:: How to complete this task ::
Of the lines below, report only those that contain "Okuluna".

==============================

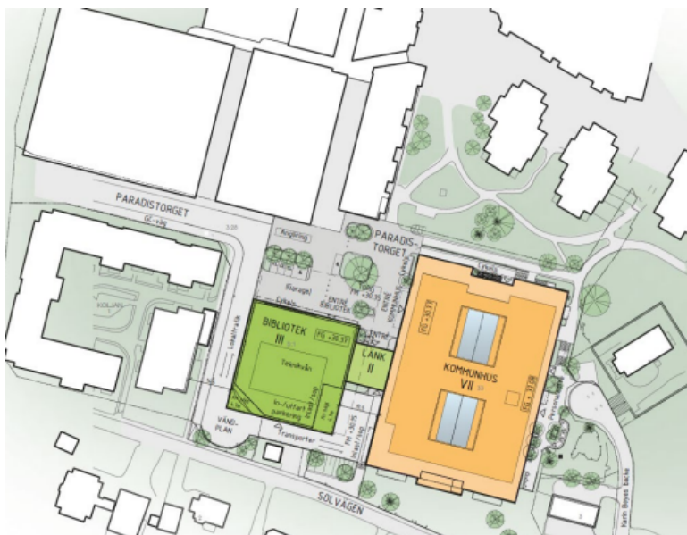
Situationsplan, nytt huvudbibliotek och kommunhus (White Arkitekter)

Det nya Paradistorget blir en plats för vistelse och ett uterum som kopplar samman bibliotekets och kommunhusets huvudentréer. Här föreslås sittplatser och cykelparkering inkladade i befintlig trädrad. Hela torgytan föreslås utformas som gångfartsområde på fotgängares villkor. Den fysiska och visuella kopplingen mellan Paradistorget och Sjäodalstorget bedöms förstärkas i och med detaljplanens genomförande. Både påbyggnaden på befintlig byggnad och den nya biblioteksbyggnaden föreslås uppföras med stomme av trä och med trä och glas i fasad för att ge ett öppet uttryck och som kontrast till de i övrigt slutna fasaderna på platsen. Att använda trä är också i linje med kommunens miljö- och klimatmål.
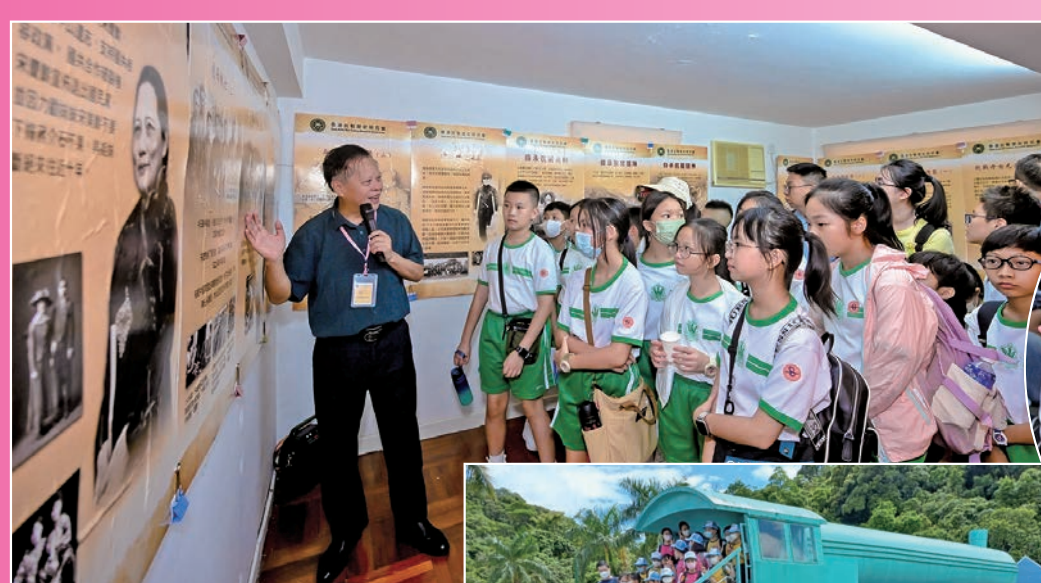
◆ 學生們專心聆聽烏蛟騰抗戰歷史。
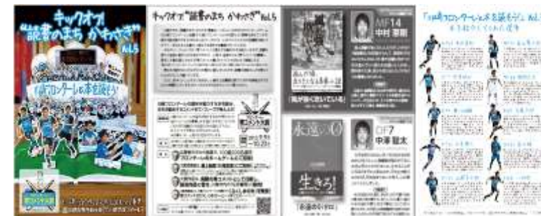
『キックオフ! 読書のまち かわさき』vol.5

今年のリーフレットは、選手が帯コメントで オススメ本を紹介しますが、それを見て本を読 んだ人からも帯コメントを募集します。応募さ れた帯コメントの中から選手が大賞を選考し、 受賞者をホームゲームに招待して、試合前にオ ーロラビジョンを使った授賞式を行います。
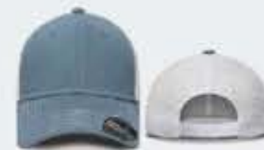
AZUL ACERO/BLANCO SKU: 10492-01033 UNITALLA
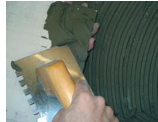
Usar la tècnica del doble encolat.
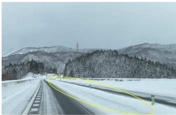
2車線区間における、中央分離帯雪提処理
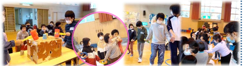
● 小学部では、初顔合わせの升形小交流で、嬉しい一日になりました。

小学部5・6年生の皆さんが、11月12日(金)に、升形小学校の皆さんと一緒に念願の交流学习を行い、エビカニダンスや輪取りゲーム、「とんとんずもう」などを楽しみました。素敵なイラスト付きのお手紙には、「また会えるのを楽しみにしています。」と、嬉しいメッセージもいっぱい！中学部は、11月17日(水)に日新中と第2回目のオンライン交流を行い、新養祭の動画を見ていただいたり、クイズを楽しんだり…と、Zoomの活用も有意義なチャレンジに！
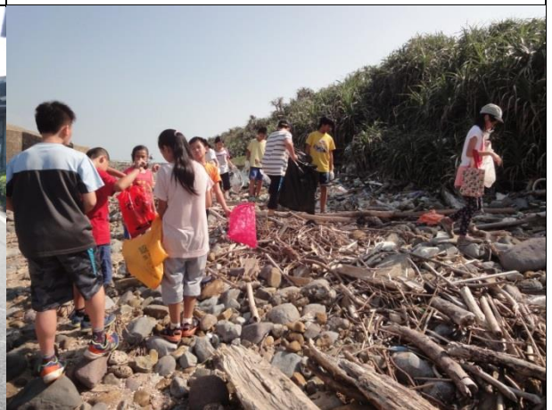
照片說明：全校總動員，還海灘一個美麗的容顏
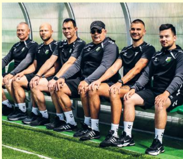
for: Chełmianka Chełm
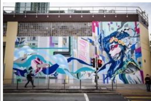
由 HKWALLS 創作「數碼龐克號」大型戶外壁畫- 畫家 TAKA
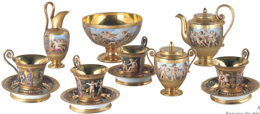
fig. 12 Service de déjeuner "Les Peines et les Plaisirs de l'Amour" 1809-1812 Manufacture de Sèvres Porcelaine dure, vermeil Tasse : H. 11,5 cm Soucoupe : H. 9 ; D. 16 cm Bol : H. 14,5 ; D. 21,7 cm Pot à lait : H. 21,8 ; L. 9,5 cm Fontainebleau, musée national du château inv. F.1985.11-12, F.1985.I.4, F.1985.I.5
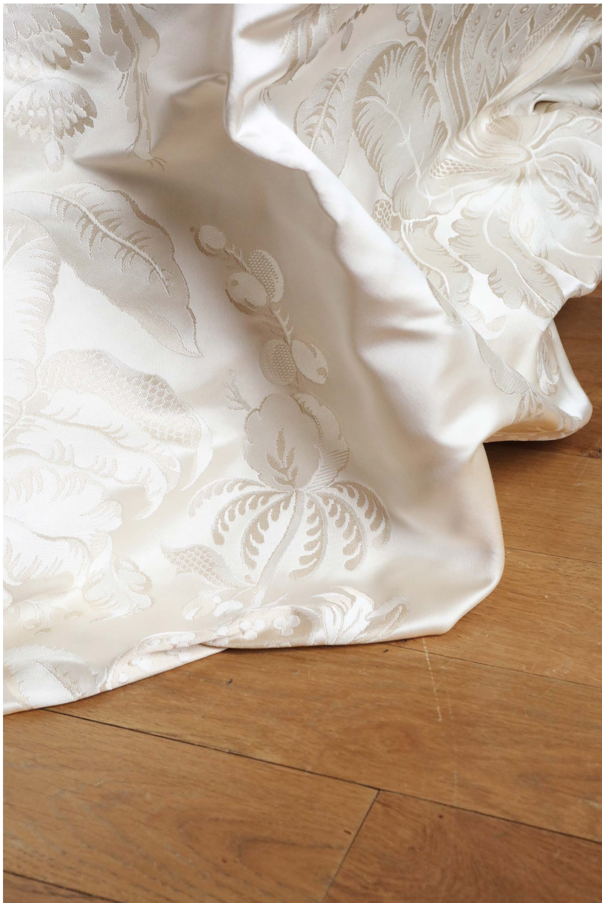
Rideaux Les Ananas, col. Nacre
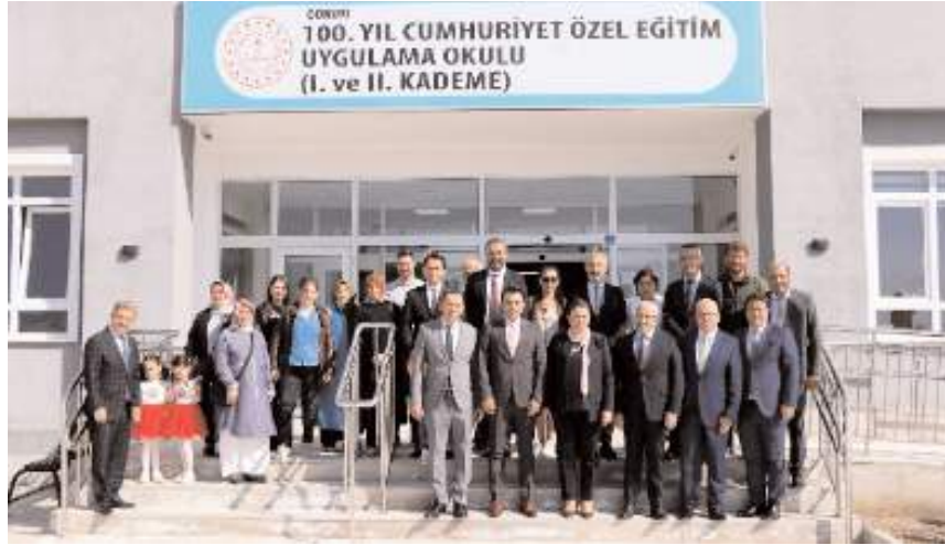
MÜSİAD Çorum Şubesi, 100. Yıl Cumhuriyet Özel Eğitim Uygulama Okuluna dinlenme ve kitap okuma odası yaptırdı.

MÜSİAD Çorum Şubesi tarafından 100. Yıl Cumhuriyet Özel Eğitim Uygulama Okuluna yaptırılan Veli Görüşme ve Kitap Okuma Odasının açılışı gerçekleştirildi.
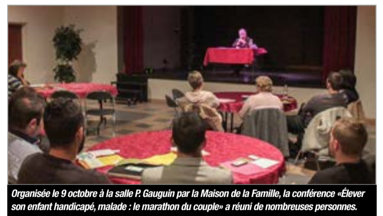
Organisée le 9 octobre à la salle P. Gauvain par la Maison de la Famille, la conférence «Élever son enfant handicapé, malade : le marathon du couple» a réuni de nombreuses personnes.
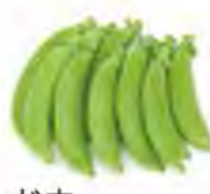
秋田県他 スナップエンドウ
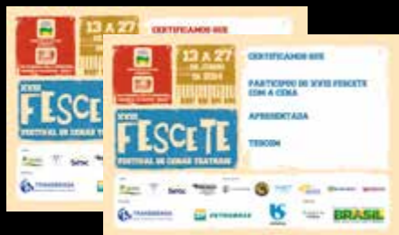
1.500 Certificados impressos em dois modelos, participação e premiação

==============================

:: Solution ::
MÜSİAD Çorum Şubesi, 100. Yıl Cumhuriyet Özel Eğitim Uygulama Okuluna dinlenme ve kitap okuma odası yaptırdı.
MÜSİAD Çorum Şubesi tarafından 100. Yıl Cumhuriyet Özel Eğitim Uygulama Okuluna yaptırılan Veli Görüşme ve Kitap Okuma Odasının açılışı gerçekleştirildi.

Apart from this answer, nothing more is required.